Im planning on installing 1st gen JCW brake and adding SS line at all four corner and new read brake pads. My car has DCS, apart from the four lines(corners) what else should i bleed? I read that that i should bleed the clutch? -- clueless about what is going on--- help!
The clutch and brakes are 2 completely different hydraulic systems. No need to do anything on the clutch when do brakes. Flush the brake fluid and replace it with something better instead of just bleeding it. It's cheep with everything else your doing.
When bleeding the brake lines it was suggested to bleed them in this order: right rear caliper, left rear caliper, right front caliper, left front caliper. At the risk of sounding dumb (but for my safety) I'm assuming right is passenger side and left is driver side?

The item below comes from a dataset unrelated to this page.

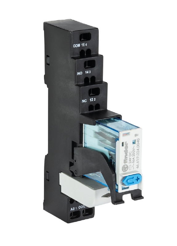 Steckbares Koppel-Relais flare MOVE MR, Spulenspg. 24V DC, 1 Wechslerkontakt 400V AC / 10A, AgNi+5µm Gold, Baubreite 15,8mm, mech. Schaltstellungsanzeige, Blockierbare Prüftaste, incl. Anzeigemodul mit LED und Freilaufdiode, incl. Haltebügel, Federkraftanschluss, auch für Bahnanwendung nach EN 50 155

So today i changed my rear brake pads and sensor. And then I installing the 1st Gen JCW brake kit (caliper and rotors) and i installed Goodridge SS brake lines. I bleed the two front calipers and now i dont have brakes at the pedal My dad and i bleed it manually ( i used Motul RBF 600 ) Can anyone offer up any help?
Probably have air in the system now. Make sure the master cylinder reservoir is full. Then open one bleed screw, let it flow by gravity always making sure the reservoir is filled.
we bleed the driver side (cause we changed those lines and caliper first) then to the passenger. Then back to the driver, then back to the passenger. My dad was adamant that there was no air coming out (he's a mechanic - just not certified, but knows his job). As it regard to the "cycling the ABS" im not sure what that means. [At the risk of sounding stupid, i have a DSC light in the car that comes on most in the winter when i have wheel skid. does that mean i dont have ABS? :confused5:
But he didn't drive the car since doing it air shouldn't gotten into the ABS block. But there probably is air in the system. I would do the bleeding procedure around the entire car. I found getting all the air out when I changed the front system was a pain as well.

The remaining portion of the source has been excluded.